**Problem to solve**:
Everything from the line with "geom_line(aes(x = date, y" down to the line with "Rozmery: - doska: priemer" below must be printed exactly, those two lines included. Exclude pictures.
▼
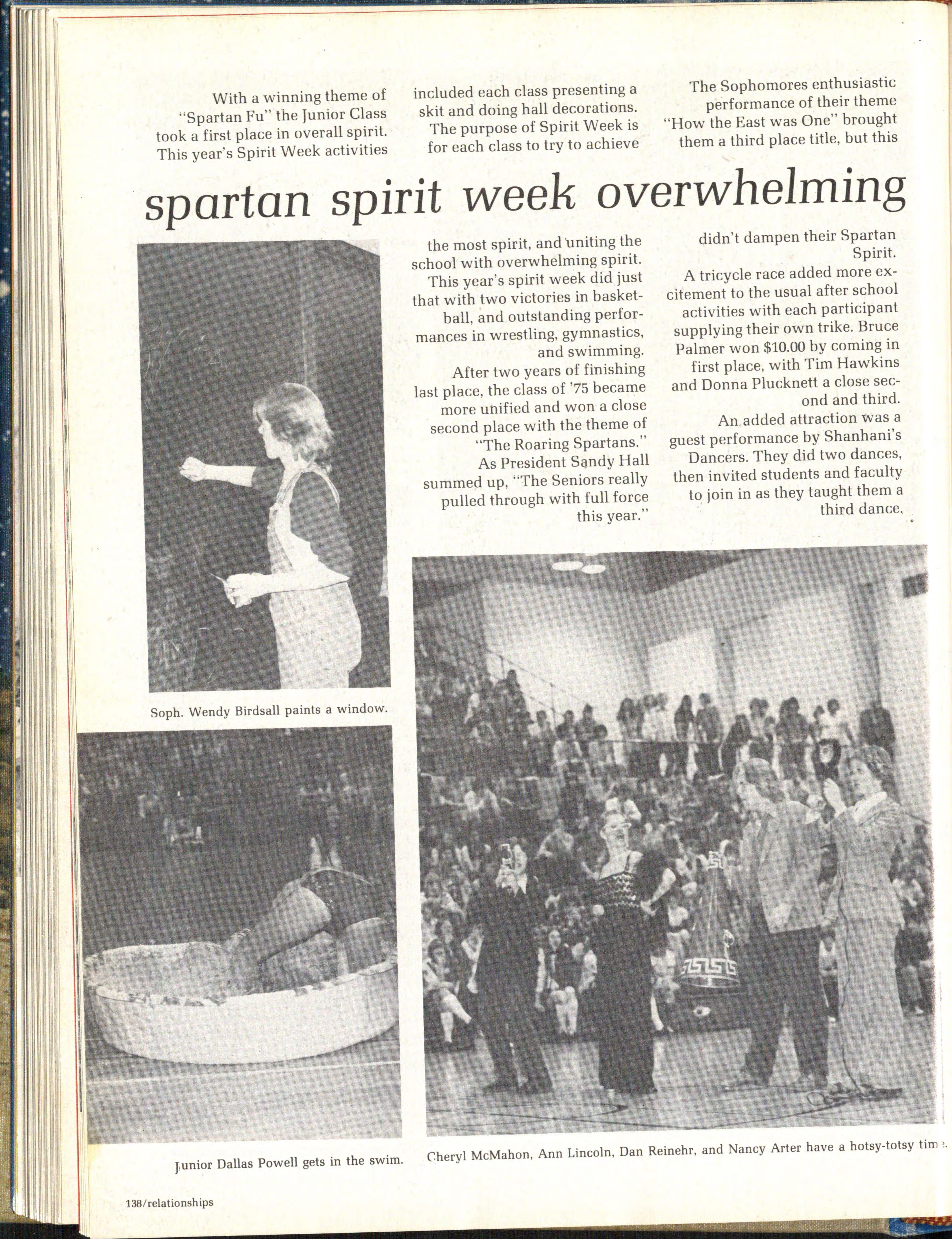Championship, leading to a sta t berth. Lincoln High was Eas t' biggest threat throughout the se ? son, but they never could ups t the Spartans in any of their fo e meetings. East defeated Linea l High in the State Championsh j games, 15-8 and 15-9. East is t h first Lincoln school to bri n home a state titl East was the most experienc e team in-the city with five retu n ing letterman, several former r \ serve players and some go · sophomores. Mr. Myron Oehle r .1 ing coached his third year of v c leyball at East this season. The award winners this y e ; included: Sue Luedtke and Ge o gette Caddy who won All-C i · and All-State Awards, and Kr Hermanson who won the S e toma Awa r
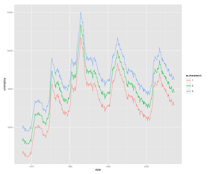 geom_line(aes(x = date, y = unemploy, colour = as.character(3)), data=economics4)
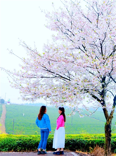 近日,春雨连绵,赤壁市万亩茶园新芽吐翠、樱花盛放。清风裹挟着茶香与花香扑面而来,缤纷花径蜿蜒伸向薄雾笼罩的远山。春日茶园景致如画、茶香四溢,不仅吸引众多游客前来踏青赏景、尽享生态田园的春日美好,更为当地茶旅融合发展增添新亮点。
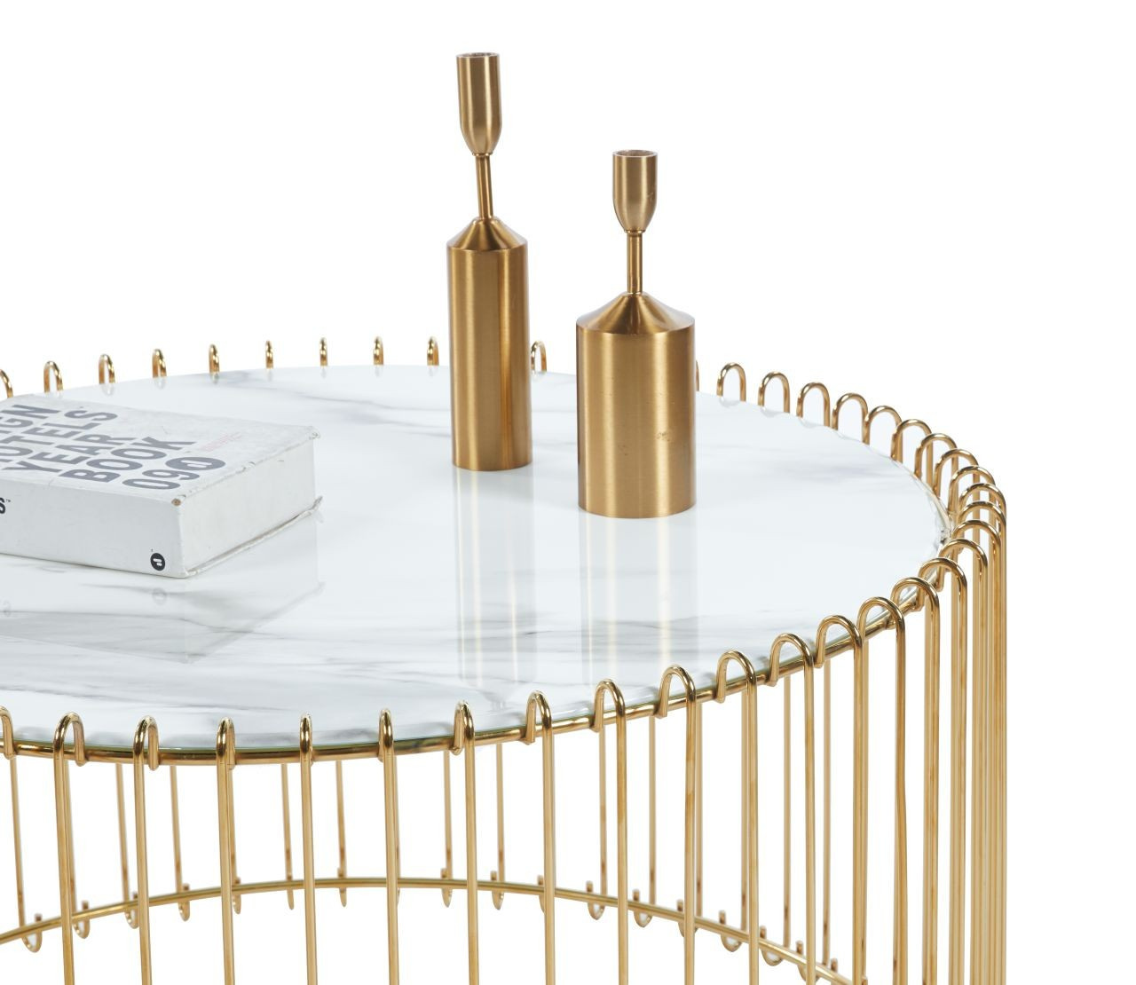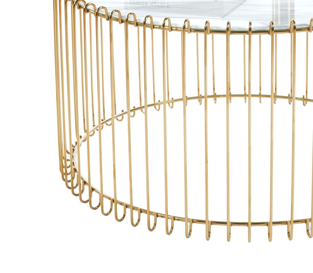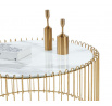 Rozmery: - doska: priemer 80 cm - výška: 42 cm Materiál: - doska: sklo - základňa: chróm Farba: - doska: biely mramor - základňa: zlatá
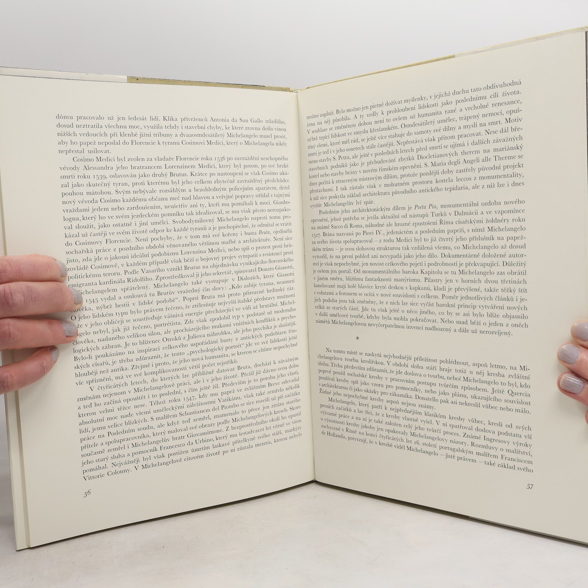 Kniha obsahuje textovou část, kde autor, známý odborný výtvarný kritik, hodnotí a sděluje podstatné informace ze života geniálního malíře, sochaře, ale i architekta a básníka. Bohužel reprodukce jsou černobílé, i když u sochařských děl to není tak podstatné. K plnému porozumění kvality díla potřebuje zvídavý člověk slovo odborníka. I když dílo Michelangela dokáže oslovit snad každého. Kniha formátu A 3.
▲
**Response box**:
 geom_line(aes(x = date, y = unemploy, colour = as.character(3)), data=economics4)
 近日,春雨连绵,赤壁市万亩茶园新芽吐翠、樱花盛放。清风裹挟着茶香与花香扑面而来,缤纷花径蜿蜒伸向薄雾笼罩的远山。春日茶园景致如画、茶香四溢,不仅吸引众多游客前来踏青赏景、尽享生态田园的春日美好,更为当地茶旅融合发展增添新亮点。
 Rozmery: - doska: priemer 80 cm - výška: 42 cm Materiál: - doska: sklo - základňa: chróm Farba: - doska: biely mramor - základňa: zlatá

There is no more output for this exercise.